- Opening Delimiter -

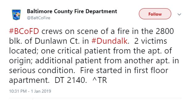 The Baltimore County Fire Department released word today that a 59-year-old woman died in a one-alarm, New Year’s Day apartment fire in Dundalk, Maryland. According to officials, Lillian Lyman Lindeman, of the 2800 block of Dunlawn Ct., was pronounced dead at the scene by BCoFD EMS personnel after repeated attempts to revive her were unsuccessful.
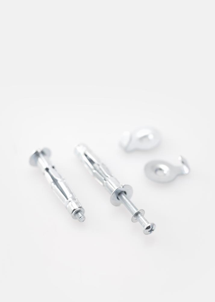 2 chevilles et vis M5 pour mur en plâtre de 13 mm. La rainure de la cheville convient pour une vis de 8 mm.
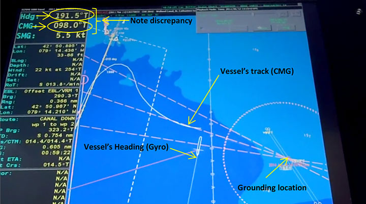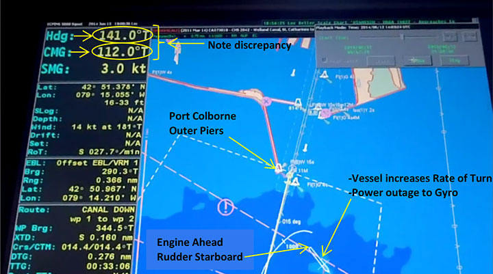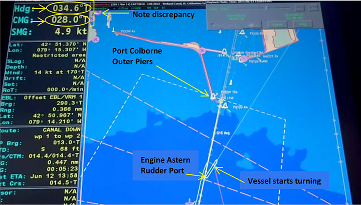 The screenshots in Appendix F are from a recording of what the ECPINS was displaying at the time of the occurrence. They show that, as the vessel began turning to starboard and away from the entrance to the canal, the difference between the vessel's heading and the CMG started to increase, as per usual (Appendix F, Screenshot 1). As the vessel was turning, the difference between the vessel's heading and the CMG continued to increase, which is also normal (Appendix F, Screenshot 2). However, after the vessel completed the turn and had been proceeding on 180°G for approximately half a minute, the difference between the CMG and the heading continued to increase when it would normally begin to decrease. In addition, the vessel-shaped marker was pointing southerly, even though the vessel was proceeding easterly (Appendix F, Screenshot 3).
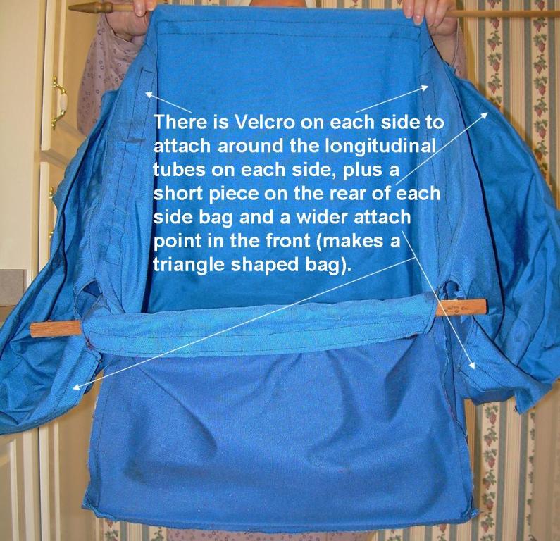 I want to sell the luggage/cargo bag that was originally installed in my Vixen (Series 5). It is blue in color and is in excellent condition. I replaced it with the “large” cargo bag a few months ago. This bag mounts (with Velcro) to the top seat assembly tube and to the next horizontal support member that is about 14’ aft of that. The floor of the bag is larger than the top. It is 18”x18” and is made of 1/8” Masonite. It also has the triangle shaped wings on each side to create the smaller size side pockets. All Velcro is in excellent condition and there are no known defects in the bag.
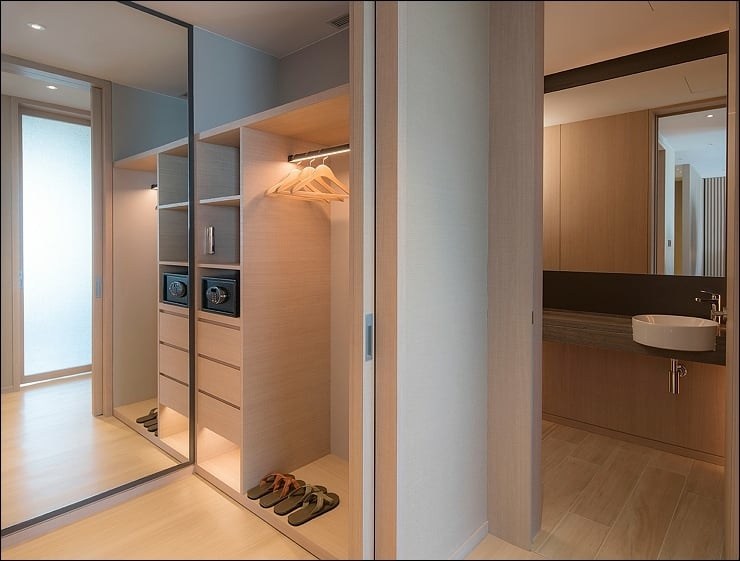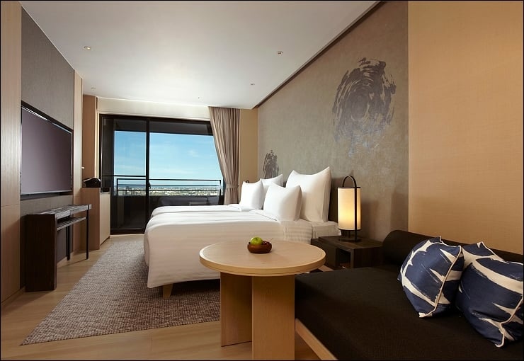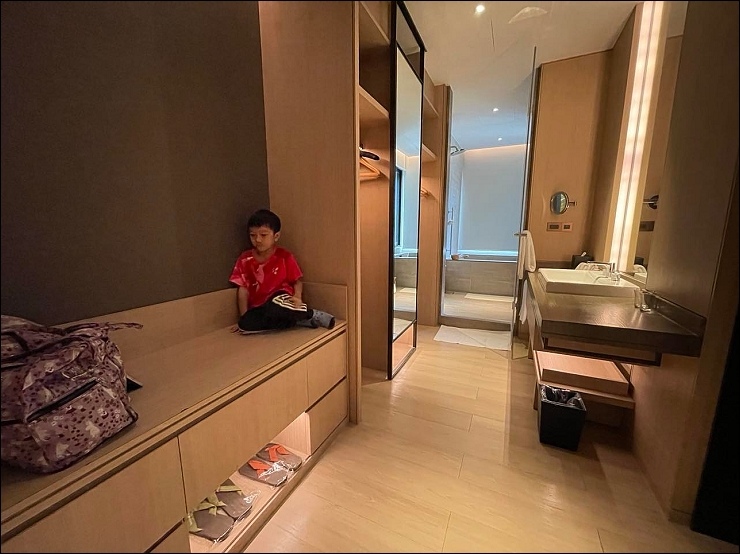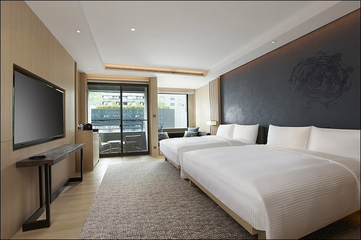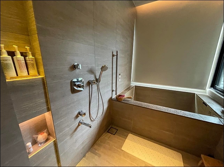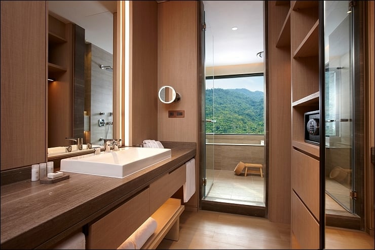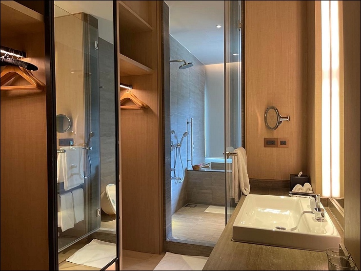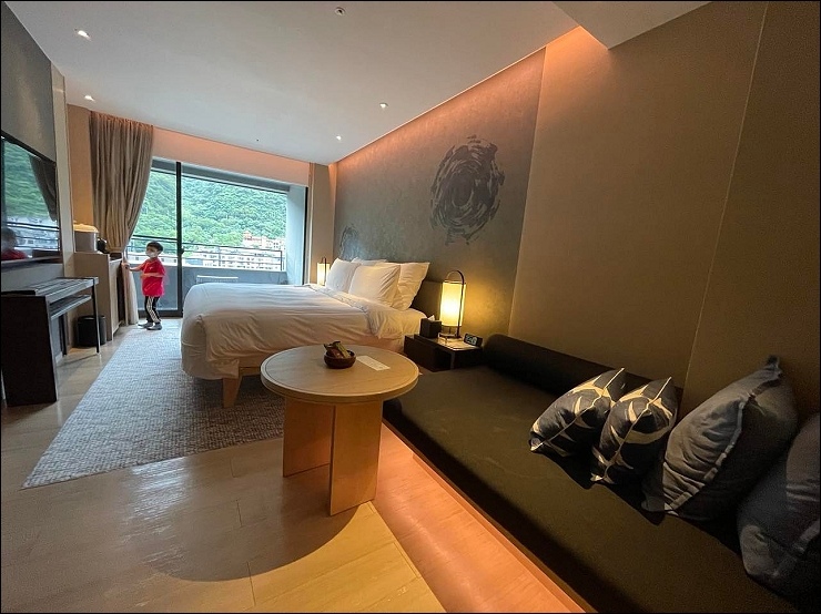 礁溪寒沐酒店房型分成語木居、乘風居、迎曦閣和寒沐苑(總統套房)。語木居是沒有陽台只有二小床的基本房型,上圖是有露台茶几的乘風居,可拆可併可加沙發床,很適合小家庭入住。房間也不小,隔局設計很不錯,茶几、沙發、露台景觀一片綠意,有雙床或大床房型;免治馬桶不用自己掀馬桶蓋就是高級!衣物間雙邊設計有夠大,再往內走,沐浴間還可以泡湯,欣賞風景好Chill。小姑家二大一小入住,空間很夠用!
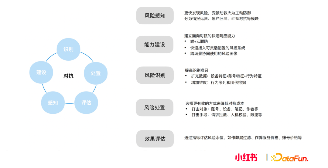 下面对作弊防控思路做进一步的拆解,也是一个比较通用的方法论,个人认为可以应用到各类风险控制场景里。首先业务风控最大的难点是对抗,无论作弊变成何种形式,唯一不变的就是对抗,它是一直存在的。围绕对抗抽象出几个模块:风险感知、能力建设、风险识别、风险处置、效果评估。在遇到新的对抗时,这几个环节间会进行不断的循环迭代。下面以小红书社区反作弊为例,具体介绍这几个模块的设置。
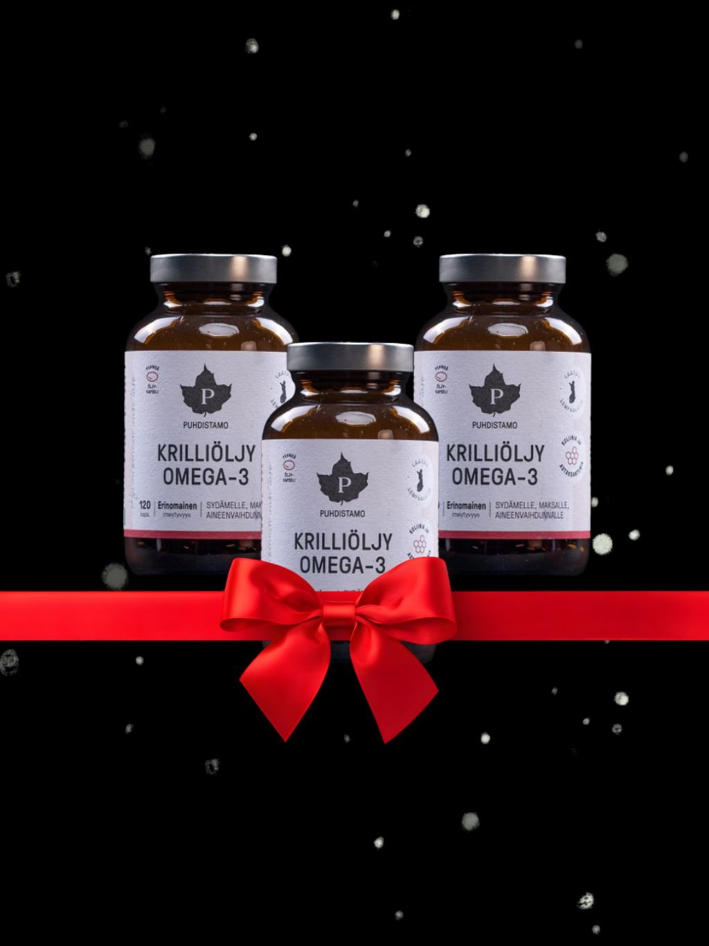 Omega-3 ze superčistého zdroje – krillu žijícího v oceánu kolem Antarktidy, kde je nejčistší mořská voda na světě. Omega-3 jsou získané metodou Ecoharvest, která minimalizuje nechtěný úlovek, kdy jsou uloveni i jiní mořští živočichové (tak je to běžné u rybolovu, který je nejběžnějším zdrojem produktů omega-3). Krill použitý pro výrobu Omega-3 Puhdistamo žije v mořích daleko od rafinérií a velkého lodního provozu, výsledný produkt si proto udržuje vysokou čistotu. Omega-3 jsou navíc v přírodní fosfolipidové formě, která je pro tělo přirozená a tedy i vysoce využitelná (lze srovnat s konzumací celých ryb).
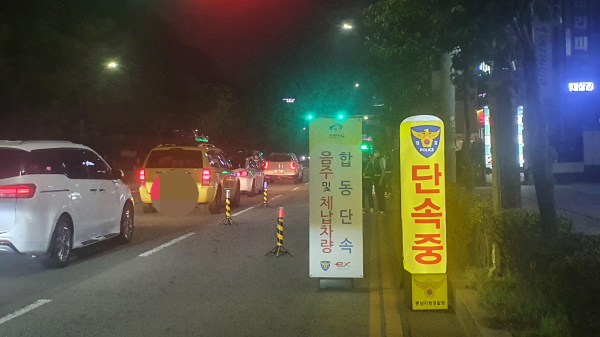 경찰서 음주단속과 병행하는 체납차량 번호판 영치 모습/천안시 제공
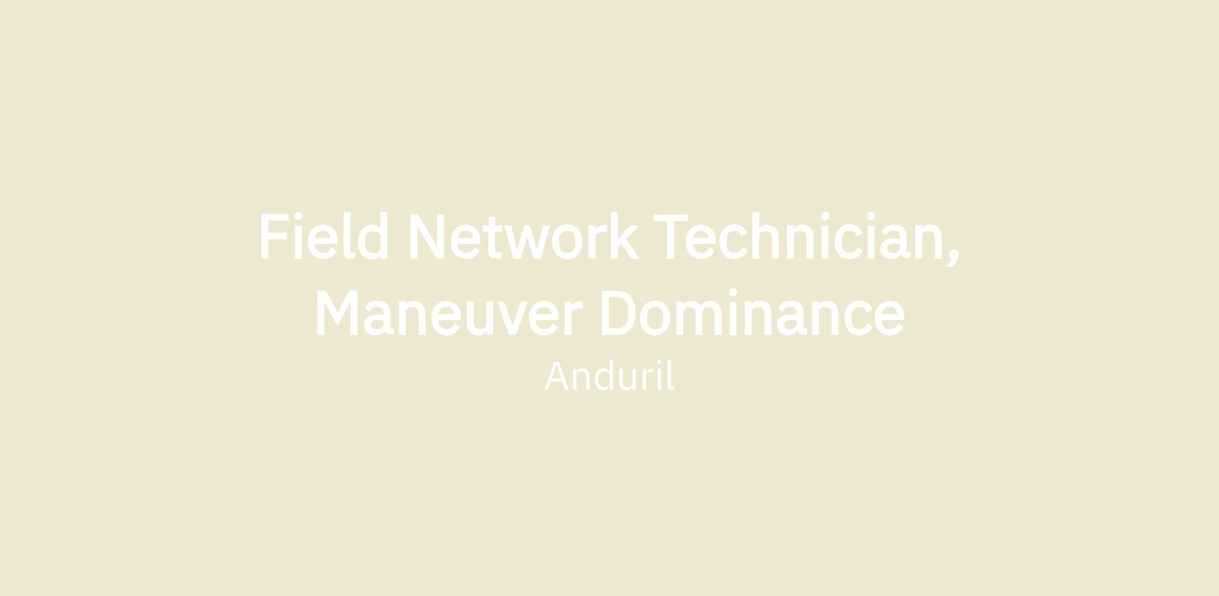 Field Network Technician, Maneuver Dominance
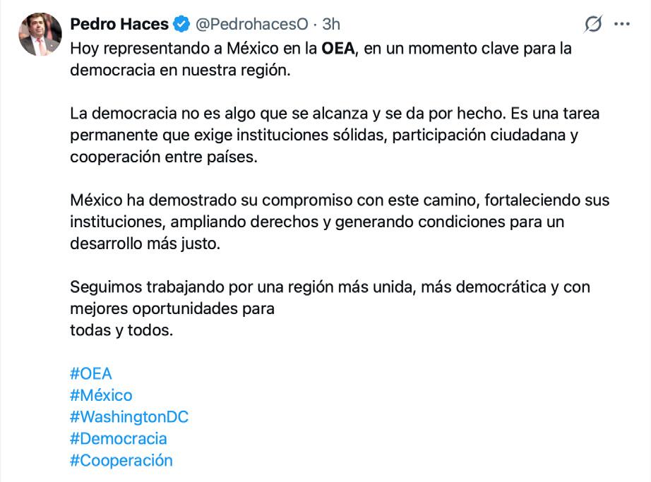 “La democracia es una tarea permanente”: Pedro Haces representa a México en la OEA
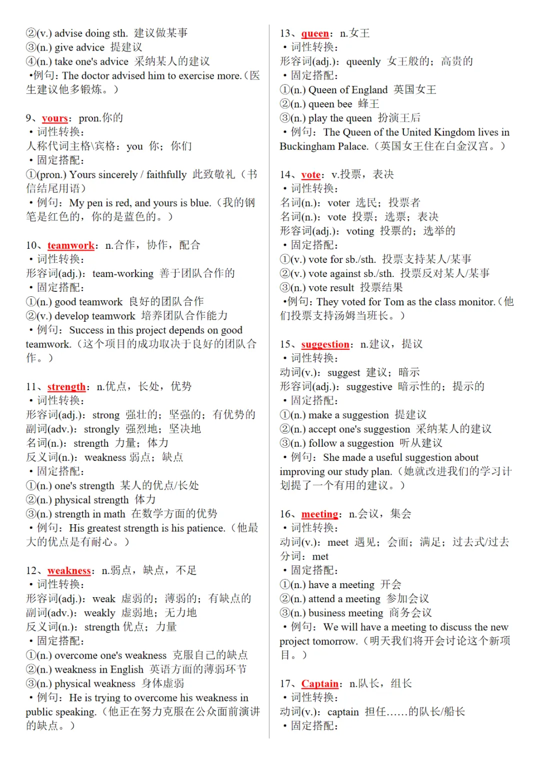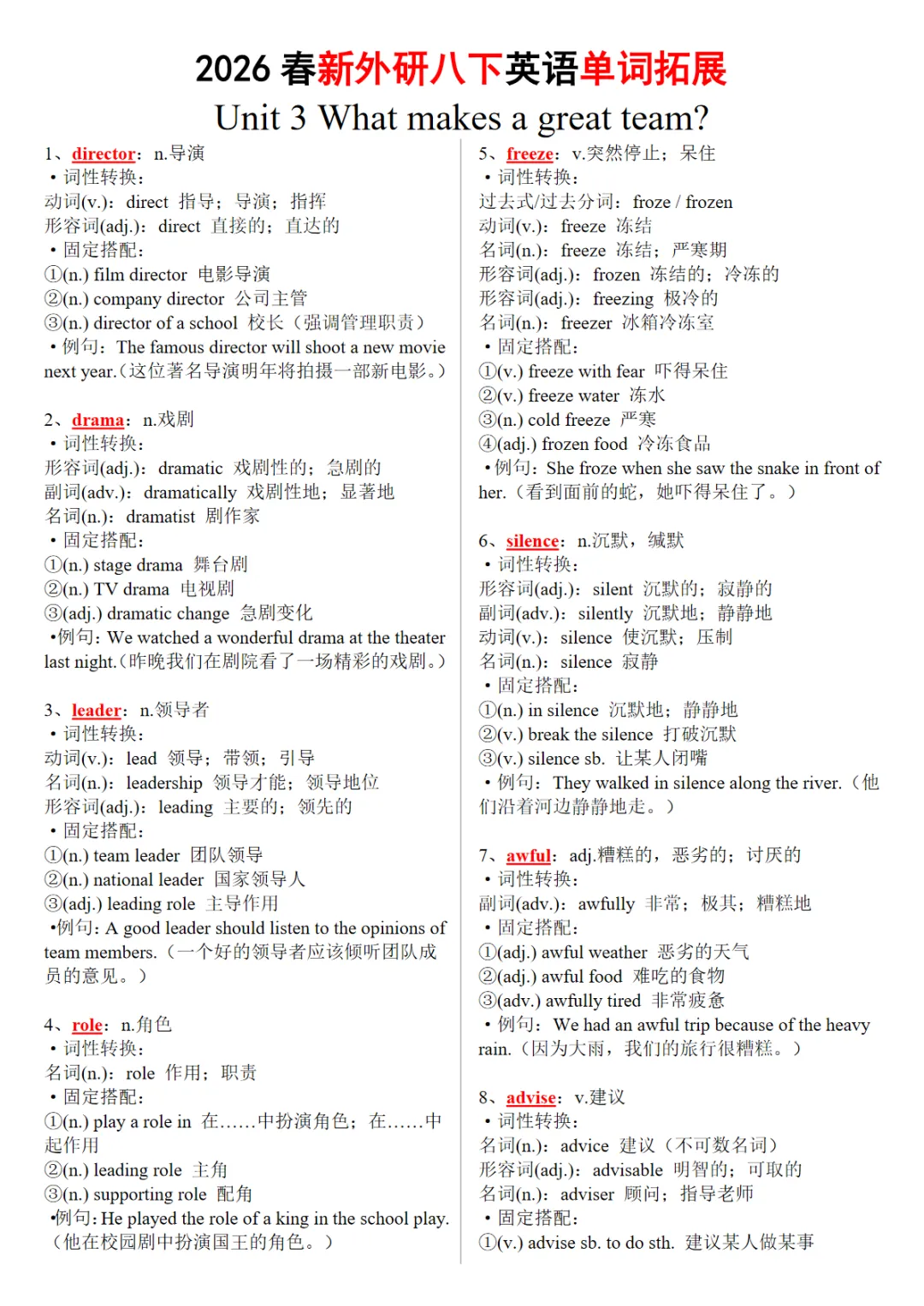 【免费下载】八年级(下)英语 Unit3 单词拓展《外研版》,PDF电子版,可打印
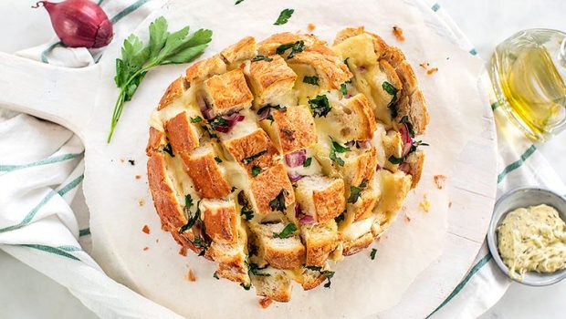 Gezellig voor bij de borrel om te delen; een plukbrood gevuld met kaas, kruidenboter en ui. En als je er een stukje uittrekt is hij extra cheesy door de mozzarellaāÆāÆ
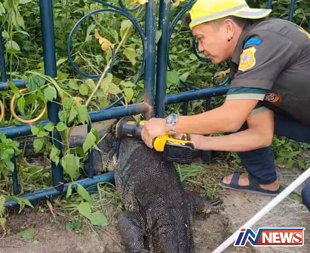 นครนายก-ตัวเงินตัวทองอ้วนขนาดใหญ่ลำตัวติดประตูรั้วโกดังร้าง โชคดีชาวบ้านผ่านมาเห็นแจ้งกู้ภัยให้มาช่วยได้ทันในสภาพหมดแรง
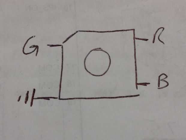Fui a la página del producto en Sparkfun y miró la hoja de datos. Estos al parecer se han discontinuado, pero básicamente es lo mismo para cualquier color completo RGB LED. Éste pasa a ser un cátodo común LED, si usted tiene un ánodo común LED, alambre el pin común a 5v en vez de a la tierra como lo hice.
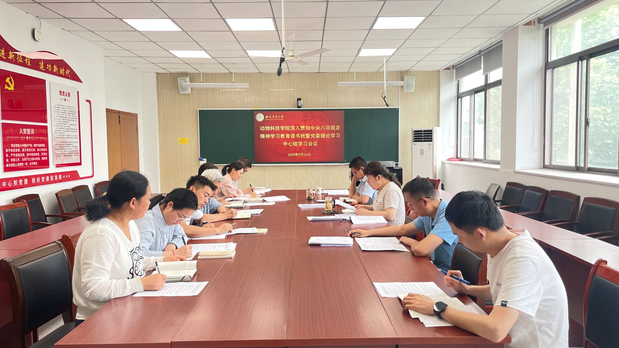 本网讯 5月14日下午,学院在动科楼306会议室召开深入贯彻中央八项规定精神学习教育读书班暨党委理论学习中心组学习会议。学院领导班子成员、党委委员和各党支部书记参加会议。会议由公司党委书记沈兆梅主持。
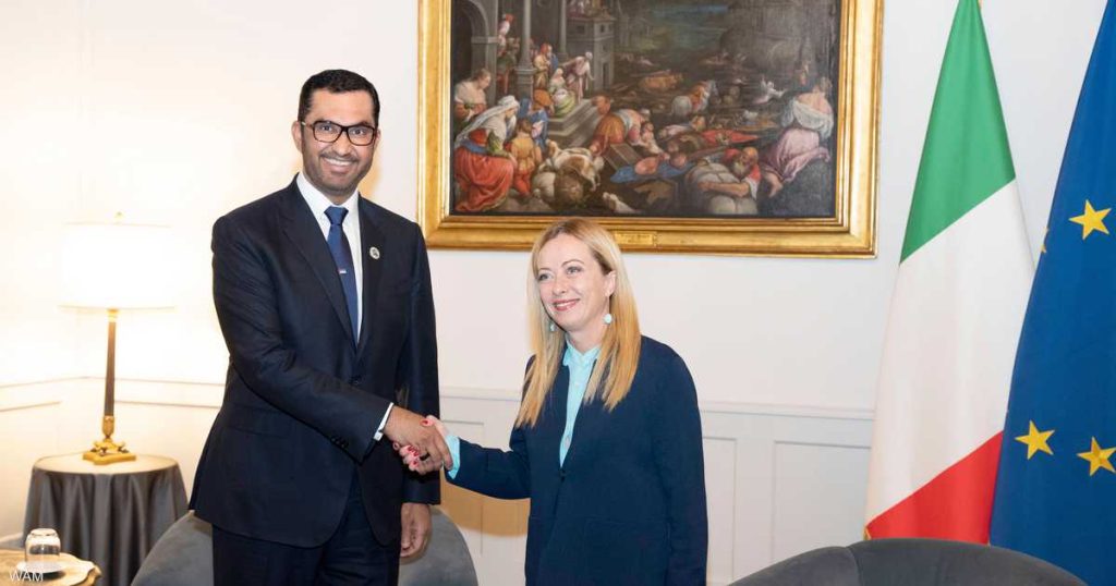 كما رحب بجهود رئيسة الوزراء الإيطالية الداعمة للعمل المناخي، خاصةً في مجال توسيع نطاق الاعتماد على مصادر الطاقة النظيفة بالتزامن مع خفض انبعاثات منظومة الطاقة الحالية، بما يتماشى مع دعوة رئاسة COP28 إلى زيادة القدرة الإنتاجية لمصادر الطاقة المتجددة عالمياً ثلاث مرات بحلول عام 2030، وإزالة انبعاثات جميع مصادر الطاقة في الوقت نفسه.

- Closing Delimiter -

What is needed is a word-for-word copy of the records above, excluding pictures.

# Answer for the task
 The Baltimore County Fire Department released word today that a 59-year-old woman died in a one-alarm, New Year’s Day apartment fire in Dundalk, Maryland. According to officials, Lillian Lyman Lindeman, of the 2800 block of Dunlawn Ct., was pronounced dead at the scene by BCoFD EMS personnel after repeated attempts to revive her were unsuccessful.
 2 chevilles et vis M5 pour mur en plâtre de 13 mm. La rainure de la cheville convient pour une vis de 8 mm.
 The screenshots in Appendix F are from a recording of what the ECPINS was displaying at the time of the occurrence. They show that, as the vessel began turning to starboard and away from the entrance to the canal, the difference between the vessel's heading and the CMG started to increase, as per usual (Appendix F, Screenshot 1). As the vessel was turning, the difference between the vessel's heading and the CMG continued to increase, which is also normal (Appendix F, Screenshot 2). However, after the vessel completed the turn and had been proceeding on 180°G for approximately half a minute, the difference between the CMG and the heading continued to increase when it would normally begin to decrease. In addition, the vessel-shaped marker was pointing southerly, even though the vessel was proceeding easterly (Appendix F, Screenshot 3).
 I want to sell the luggage/cargo bag that was originally installed in my Vixen (Series 5). It is blue in color and is in excellent condition. I replaced it with the “large” cargo bag a few months ago. This bag mounts (with Velcro) to the top seat assembly tube and to the next horizontal support member that is about 14’ aft of that. The floor of the bag is larger than the top. It is 18”x18” and is made of 1/8” Masonite. It also has the triangle shaped wings on each side to create the smaller size side pockets. All Velcro is in excellent condition and there are no known defects in the bag.
 礁溪寒沐酒店房型分成語木居、乘風居、迎曦閣和寒沐苑(總統套房)。語木居是沒有陽台只有二小床的基本房型,上圖是有露台茶几的乘風居,可拆可併可加沙發床,很適合小家庭入住。房間也不小,隔局設計很不錯,茶几、沙發、露台景觀一片綠意,有雙床或大床房型;免治馬桶不用自己掀馬桶蓋就是高級!衣物間雙邊設計有夠大,再往內走,沐浴間還可以泡湯,欣賞風景好Chill。小姑家二大一小入住,空間很夠用!
 下面对作弊防控思路做进一步的拆解,也是一个比较通用的方法论,个人认为可以应用到各类风险控制场景里。首先业务风控最大的难点是对抗,无论作弊变成何种形式,唯一不变的就是对抗,它是一直存在的。围绕对抗抽象出几个模块:风险感知、能力建设、风险识别、风险处置、效果评估。在遇到新的对抗时,这几个环节间会进行不断的循环迭代。下面以小红书社区反作弊为例,具体介绍这几个模块的设置。
 Omega-3 ze superčistého zdroje – krillu žijícího v oceánu kolem Antarktidy, kde je nejčistší mořská voda na světě. Omega-3 jsou získané metodou Ecoharvest, která minimalizuje nechtěný úlovek, kdy jsou uloveni i jiní mořští živočichové (tak je to běžné u rybolovu, který je nejběžnějším zdrojem produktů omega-3). Krill použitý pro výrobu Omega-3 Puhdistamo žije v mořích daleko od rafinérií a velkého lodního provozu, výsledný produkt si proto udržuje vysokou čistotu. Omega-3 jsou navíc v přírodní fosfolipidové formě, která je pro tělo přirozená a tedy i vysoce využitelná (lze srovnat s konzumací celých ryb).
 경찰서 음주단속과 병행하는 체납차량 번호판 영치 모습/천안시 제공
 Field Network Technician, Maneuver Dominance
 “La democracia es una tarea permanente”: Pedro Haces representa a México en la OEA
 【免费下载】八年级(下)英语 Unit3 单词拓展《外研版》,PDF电子版,可打印
 Gezellig voor bij de borrel om te delen; een plukbrood gevuld met kaas, kruidenboter en ui. En als je er een stukje uittrekt is hij extra cheesy door de mozzarellaāÆāÆ
 นครนายก-ตัวเงินตัวทองอ้วนขนาดใหญ่ลำตัวติดประตูรั้วโกดังร้าง โชคดีชาวบ้านผ่านมาเห็นแจ้งกู้ภัยให้มาช่วยได้ทันในสภาพหมดแรง
Fui a la página del producto en Sparkfun y miró la hoja de datos. Estos al parecer se han discontinuado, pero básicamente es lo mismo para cualquier color completo RGB LED. Éste pasa a ser un cátodo común LED, si usted tiene un ánodo común LED, alambre el pin común a 5v en vez de a la tierra como lo hice.
 本网讯 5月14日下午,学院在动科楼306会议室召开深入贯彻中央八项规定精神学习教育读书班暨党委理论学习中心组学习会议。学院领导班子成员、党委委员和各党支部书记参加会议。会议由公司党委书记沈兆梅主持。
 كما رحب بجهود رئيسة الوزراء الإيطالية الداعمة للعمل المناخي، خاصةً في مجال توسيع نطاق الاعتماد على مصادر الطاقة النظيفة بالتزامن مع خفض انبعاثات منظومة الطاقة الحالية، بما يتماشى مع دعوة رئاسة COP28 إلى زيادة القدرة الإنتاجية لمصادر الطاقة المتجددة عالمياً ثلاث مرات بحلول عام 2030، وإزالة انبعاثات جميع مصادر الطاقة في الوقت نفسه.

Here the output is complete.